Ethereum selling points

The most important thing is interoperability. Ethereum’s multiple tokens have seen enormous success, in part due to global standards. ERC-20s are virtually ubiquitous and can be easily moved between EVM chains. In contrast, Bitcoin suffers from competing token and registration standards whose acceptance is at the discretion of each platform.

Some prefer the BRC-20 standard. Others prefer Runes, developed by Ordinals creator Casey Rodarmor. Cursed inscriptions are a completely different branch. Bitcoin has a set of competing and overlapping standards for issuing tokens, and its L2 ecosystem is equally complex.

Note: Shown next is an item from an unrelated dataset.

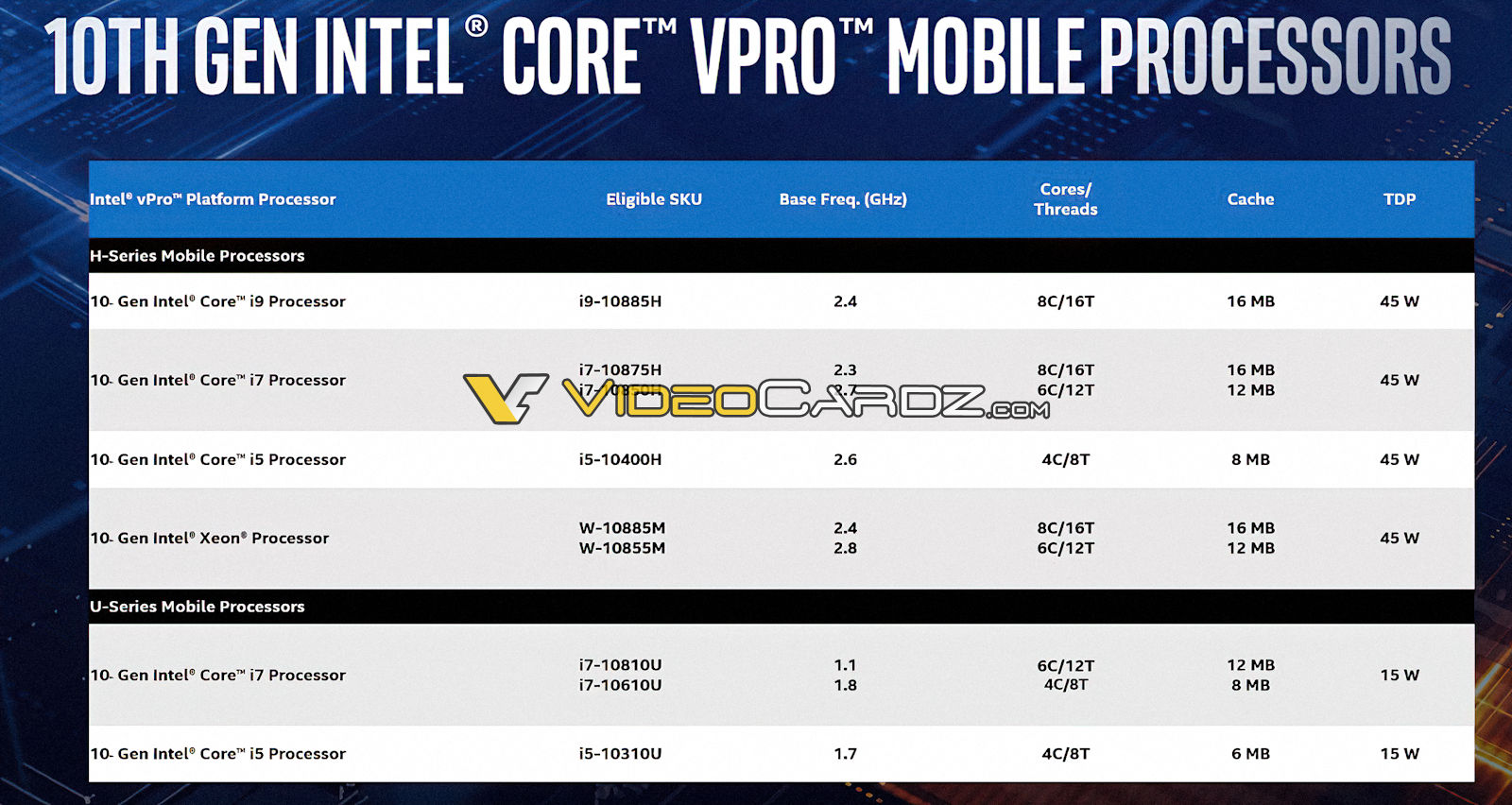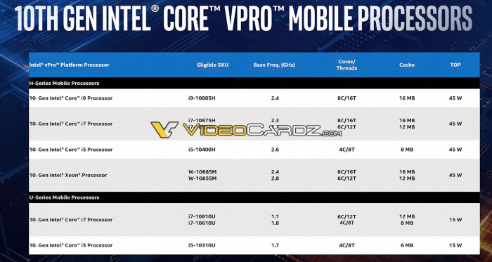 实际上,Comet Lake-H的产品线是经过了变更的,原本有一颗Core i9-10880H被下放到Core i7系列中,成为了Core i7-10875H这颗有8核16线程的处理器,而同时在Core i9系列中新增了一颗支持vPro的Core i9-10885H处理器。

Stacks is the largest Bitcoin L2, unless you count the Lightning Network, but there are now dozens of other networks vying to become the ultimate Bitcoin scaling solution, including EVM applications. Some are sidechains, some are L2s, and some appear, at best, to have only a tangential connection to Bitcoin. This is all very confusing.

If Bitcoin is going to host DeFi, NFTs, real-world assets (RWA), and all the other on-chain use cases that developers of other use cases try to impose on it, it needs to become like Ethereum. This doesn’t mean settling for proof of ownership or changing your core code base every six months. Instead, it calls for the adoption of global standards that allow value to flow freely across chains.

If Bitcoin developers can work together instead of formulating ideas separately, its ecosystem has the potential to grow exponentially in every meaningful metric, from daily active users to TVL. To achieve this, Bitcoin will become not only the world’s largest cryptocurrency in 2025, but also the world’s largest multi-token ecosystem.

Total Value Locked (TVL) describes the value of assets held on the blockchain storage and decentralized finance protocol, and is a good starting point for comparing the Ethereum and Bitcoin ecosystems. TVL is an imprecise measure because it is possible to “double count” repackaged assets in multiple protocols. However, it provides a benchmark for measuring network activity and overall liquidity.

Time value is locked on Bitcoin and Ethereum. Source: Devilama

Bitcoin’s $1.15 billion TVL pales in comparison to Ethereum’s more than $65 billion — and that doesn’t include the billions on other EVM chains, all of which are tightly integrated with the main chain . However, it is clear that Bitcoin’s TVL is currently at the same level as Ethereum’s was four years ago, before the “DeFi Summer” triggered the Cambrian explosion of economic activity and inspired crazes like yield farming, algorithmic stablecoins, and new tokens and liquidity models like Ampleforth and OM.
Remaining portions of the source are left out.